Leadership boundary

Years ago, I reached out to one of my mentors, Gillian Ferrabee, because I was stuck. I had been working with young leaders, giving them autonomy, coaching, and encouragement—but something wasn’t clicking. No matter how much freedom I gave them, no matter how much I emphasized that they could take risks, they hesitated. They stalled. They avoided stepping fully into leadership.

I couldn’t figure it out.

I explained my frustration to Gillian, who has 20+ years of experience working with high-performing talent and some of the most creative teams in the world, 12 of those years as the casting director and director of the Creative Lab at Cirque du Soleil. Her entire career revolved around developing artists who thrived in uncertainty—people who had to create something from nothing, over and over again.
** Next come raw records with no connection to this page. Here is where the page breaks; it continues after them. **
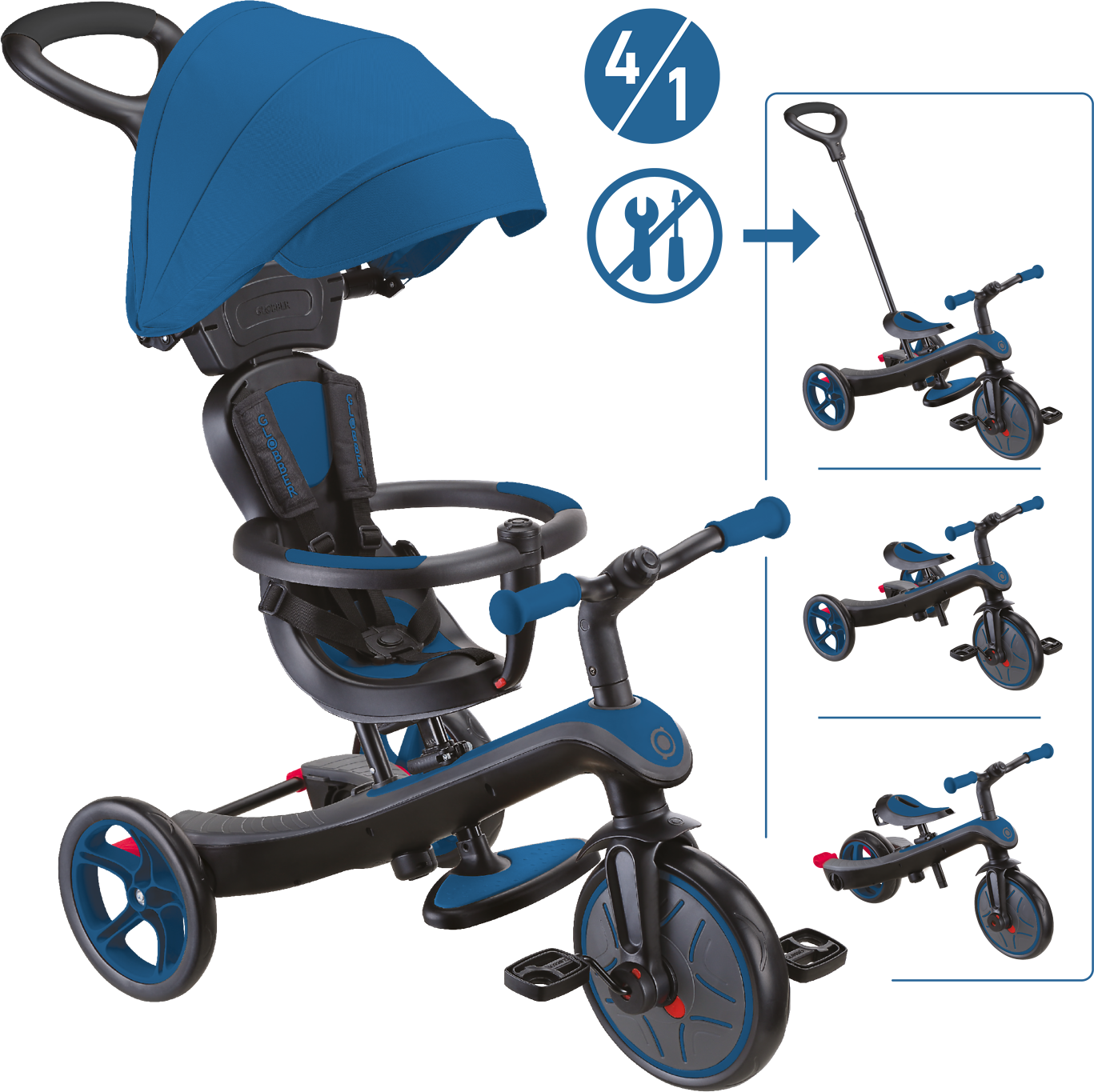 El EXPLORER TRIKE 4en1 acompaña a tu hijo en todas las etapas de su desarrollo motor: desde el primer triciclo de empuje hasta una bicicleta de equilibrio independiente. Gracias al sistema patentado 4 en 1, el vehículo puede convertirse en cualquier modo sin herramientas, lo que le permite crecer de forma flexible con las habilidades de su hijo.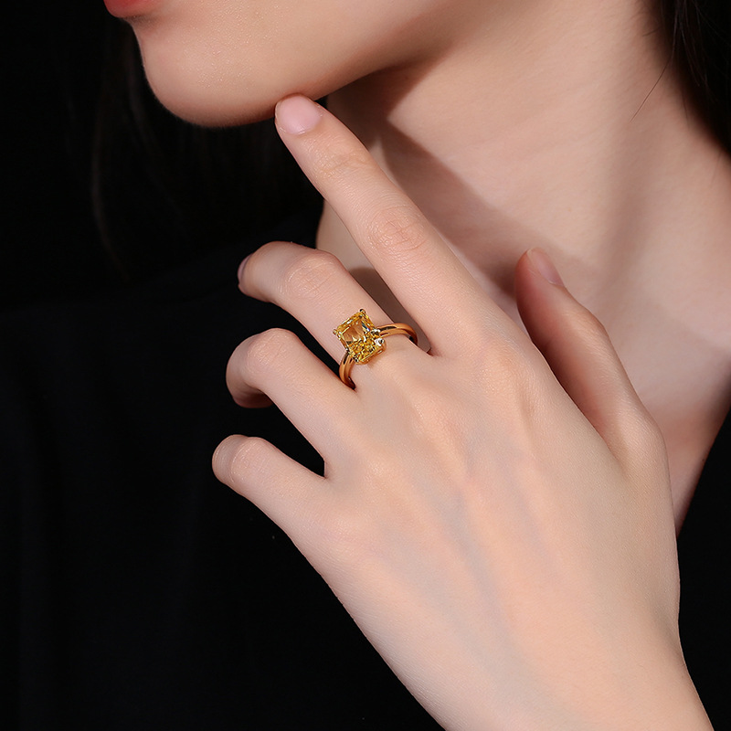 Classic Princess Square Ice Flower Cut Gold S925 Sterling Silver Women’s Fashion European and American Style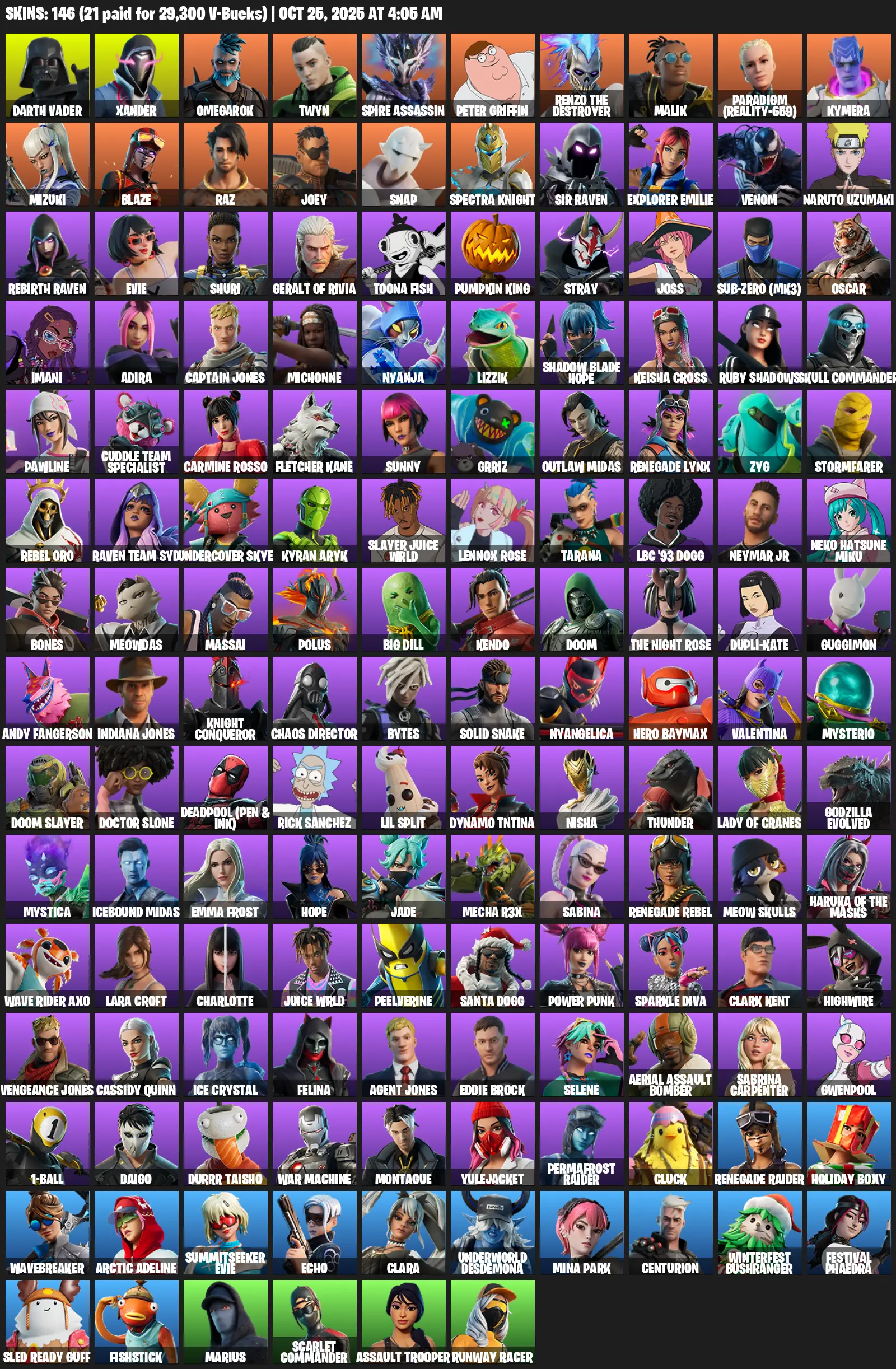[PC/PSN/XBOX] | 146 skins | Renegade Raider | Lara Croft | Darth Vader | Xander | Omegarok | Twyn | Spire Assassin | Peter Griffin | #ZHM2974 | #MBFN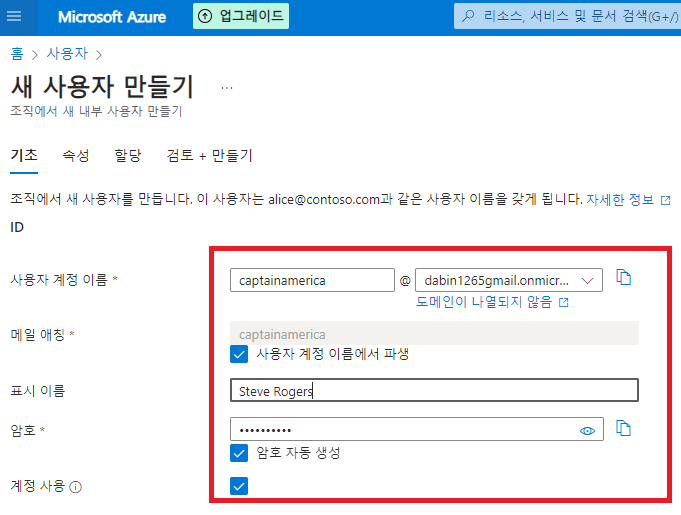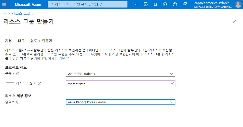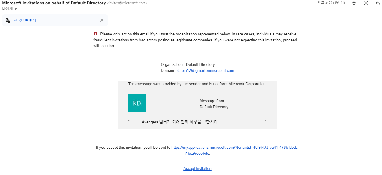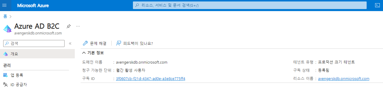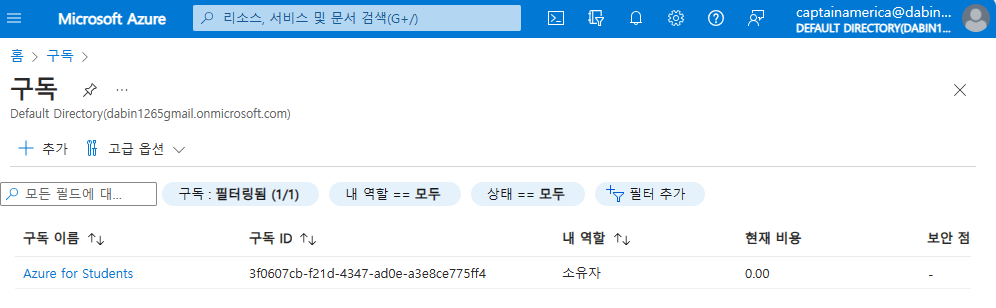 구독 단위로 테넌트를 연결해 리소스 관리 및 인증을 조직의 사용자에게 제공하기 위해 별도 도메인 등록이 없을 경우 azure계정으로 사용하는 ID를 하위 도메인으로 xxxxx.onmicrosoft.com으로 만들어짐

After listening to me, she said something that completely shifted my perspective:

Leadership is decision-making. And the extent of your leadership is the extent to which you’re willing to make decisions that put you at risk.”

That hit me. Because I realized leadership wasn’t just about talent, skills, intelligence, or even the ability to manage people and projects effectively. It was about how far someone was willing to push their decision-making boundary—the invisible line between what feels safe and what feels like too much risk.

Decision Boundary

Every leader has a decision-making boundary—a mental perimeter where they feel safe making choices. Inside the boundary, decisions feel manageable. Outside of it, decisions feel overwhelming, dangerous, or paralyzing.

The problem? Our brains often make things feel more high-stakes than they actually are. The fear response kicks in, treating small risks as if they could lead to catastrophic failure. This is why many young leaders hesitate—not because they lack ability, but because they haven’t yet trained themselves to differentiate between true high-stakes decisions and those that only feel that way.

The greatest leaders aren’t the ones who make perfect decisions. They’re the ones who are willing to make decisions at the edge of uncertainty—who trust themselves even when they don’t have all the answers.

Science of Decision-Making

Why do some people expand their decision-making capacity while others stay stuck? The answer lies in psychology and neuroscience.

1. The Fear Factor: How the Brain Reacts to Risk

When we make high-stakes decisions, our amygdala (the brain’s fear center) fires off alarms. It treats uncertainty as a threat, pushing us toward avoidance. But here’s the thing—our brains often exaggerate the stakes. Many risks we face as leaders are actually low-stakes disguised as high-stakes. The key is learning to differentiate between the two.

Great leaders train their prefrontal cortex (the rational part of the brain) to regulate that fear—to see risk as an opportunity instead of a danger. They get comfortable taking small risks first, gradually stretching their capacity to handle bigger ones.

2. Cognitive Biases That Keep Leaders Stuck

  • Loss Aversion: The pain of losing feels twice as intense as the pleasure of winning. Leaders avoid risk because failure feels too costly—even when success is within reach.

  • Status Quo Bias: The brain prefers what’s familiar, even if it’s not effective. Leaders default to old patterns instead of stepping into the unknown.

  • Overconfidence Bias: Some leaders trust their instincts too much, refusing to seek feedback. Others trust themselves too little, constantly second-guessing.

  • Confirmation Bias: Leaders naturally seek out information that supports what they already believe, which can blind them to better solutions.

Expand Your Decision-Making Boundary

1. Reframe Failure as Data

  • Stop treating failure as a personal reflection of ability. Instead, see it as a necessary feedback loop.

  • Analyze past failures for patterns—what worked, what didn’t, and what should change next time.

  • Develop a post-mortem habit after big decisions to extract learning instead of dwelling on mistakes.

2. Build Decision-Making Muscles in Low-Stakes Environments

  • Start with low-stakes risks—making small choices quickly to train your brain for bigger decisions.

  • Set a daily “risk challenge” where you intentionally make a choice outside of your comfort zone.

  • Reflect on how often you treat low-stakes decisions as high-stakes—is the fear really justified?

  • Surround yourself with decisive people—decision-making is contagious.

3. Use the 80/20 Rule to Avoid Overthinking

  • Recognize when you have enough data to make an informed decision. Overanalyzing leads to stagnation.

  • Identify the 20% of information that drives 80% of your decision-making effectiveness.

  • Use structured frameworks (e.g., pros/cons lists, weighted decision matrices) to speed up your process.

4. Trust Your Vision, Execute with Confidence

  • Clarify the outcome you’re aiming for before getting lost in details.

  • Set a deadline for decisions—avoid the trap of indefinite deliberation.

  • Embrace ownership—once you decide, move forward with full commitment.

Where Does Your Boundary Stop?

Gillian’s words have stuck with me: Leadership is decision-making, and the extent of your leadership is the extent of your willingness to take risks.

So the question is: Where does your leadership boundary stop? And more importantly—what would happen if you stepped beyond it?